To see that this is a total order, we check first that it is transitive. If $A\lt_{lex}B\lt_{lex} C$, then the first difference between $A$ and $C$ must be in $C$, since either this occurs before the first difference between $A$ and $B$, in which case it is in $C$ and not in $B$ and hence in $C$ and not in $A$, or else it occurs at or after the first difference between $A$ and $B$, in which case it occurs exactly at this difference, which is in $C$ and not in $A$. The order it linear since any two sets do indeed have a least difference, since $\lt$ is a well-order.
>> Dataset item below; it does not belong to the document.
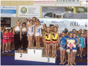 Per nulla intimorite sono scese in pedana tutte le ginnaste della prima fascia, Alessia Caputo, Giada Mozzon, Elena Trentin, Valentina Valeri, che con la loro grinta, determinazione e perfetta sincronia, hanno conquistato l’attenzione della giuria, aggiudicandosi così il gradino più alto del podio sia nella classifica generale che nella classifica di coppie.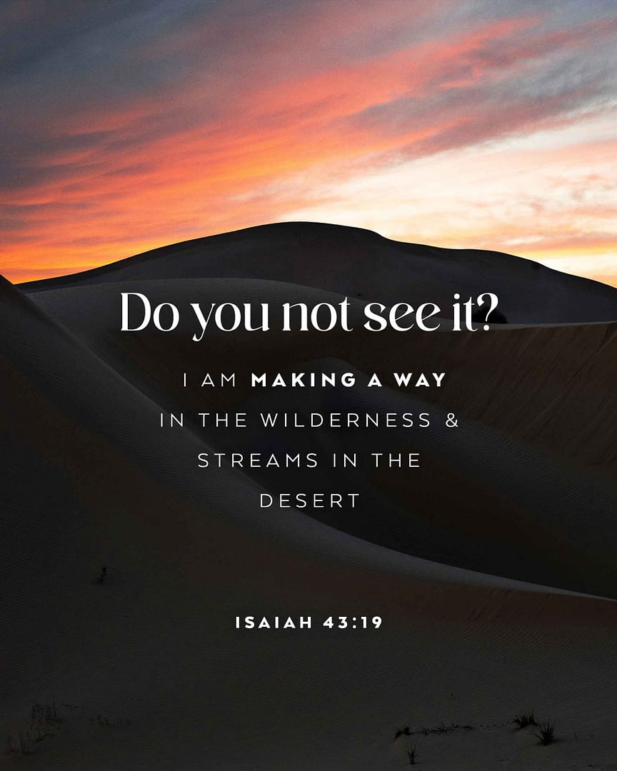 December 10, 2023 Isaiah 43:19Behold, I am doing a new thing; now it springs forth, do you not perceive it? I will...

You have to distinguish between two things:
- A set can be well-ordered.
- A set with a natural linear ordering is well-ordered with that natural ordering.
The axiom of choice implies that every set can be well-ordered. But of course not every set which has a natural linear order is well-ordered. You don't need to venture to the real numbers. Both $\Bbb Z$ and $\Bbb Q$ have a natural linear order which is most definitely not well-ordered.
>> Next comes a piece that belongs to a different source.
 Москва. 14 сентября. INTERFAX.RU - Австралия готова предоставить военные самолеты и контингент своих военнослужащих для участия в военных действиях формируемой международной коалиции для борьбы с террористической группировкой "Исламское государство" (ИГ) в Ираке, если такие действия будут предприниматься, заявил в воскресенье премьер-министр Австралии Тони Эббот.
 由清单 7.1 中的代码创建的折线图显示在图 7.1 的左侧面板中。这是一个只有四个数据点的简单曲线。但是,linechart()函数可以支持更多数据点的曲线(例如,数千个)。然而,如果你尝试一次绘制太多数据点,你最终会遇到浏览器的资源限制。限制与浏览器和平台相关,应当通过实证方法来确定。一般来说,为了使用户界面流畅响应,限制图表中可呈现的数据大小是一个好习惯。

The point is that given a set of real numbers, if it is well-ordered in the usual ordering of the real numbers, then it is countable. We can prove this by choosing a canonical rational point from each interval between a point and its successor. This choice of rational numbers is not using the axiom of choice, since we can always choose a canonical rational number from an interval (e.g., represent each rational as $\frac pq$ where $p,q\in\Bbb Z$, $p>0$ and $\gcd(p,q)=1$; then consider the rational with the smallest $p$ possible in the interval, and find the one with the denominator closest to $0$ (the positive if both options exist) that match this numerator).
And the main confusion people have with the well-ordering theorem, is that if $X$ is a set which has a natural linear ordering, then there is absolutely no reason for any well-ordering to agree with the natural linear ordering. Much like how we can define well-orderings of $\Bbb N$ which disagree with the usual ordering, or how we can define a well-ordering of the rational numbers which certainly disagrees with their natural order.
(What is true, as you mention, is that we cannot specifically define a set of real numbers in the language of set theory such that $\sf ZF$ proves that this set is both uncountable and can be well-ordered. Namely, it is consistent with the failure of the axiom of choice that only countable sets of real numbers can be well-ordered.)
Best Answer
There can't be. If $S\subseteq \Bbb R$ is well-ordered by the usual ordering, for every element $s_{\alpha}\in S$ that has an immediate successor $s_{\alpha+1}\in S$ (every element of $S$ except the greatest element if there is one), the set of rationals $Q_{\alpha}$ between the element and its successor is nonempty: $(s_{\alpha}, s_{\alpha+1}) \cap \Bbb Q \ne \emptyset$, and the $Q_{\alpha}$ are disjoint. If $S$ were uncountable, then $\bigcup_{\alpha < length(S)} Q_{\alpha}$ would also be uncountable — impossible, as it's a subset of $\Bbb Q$.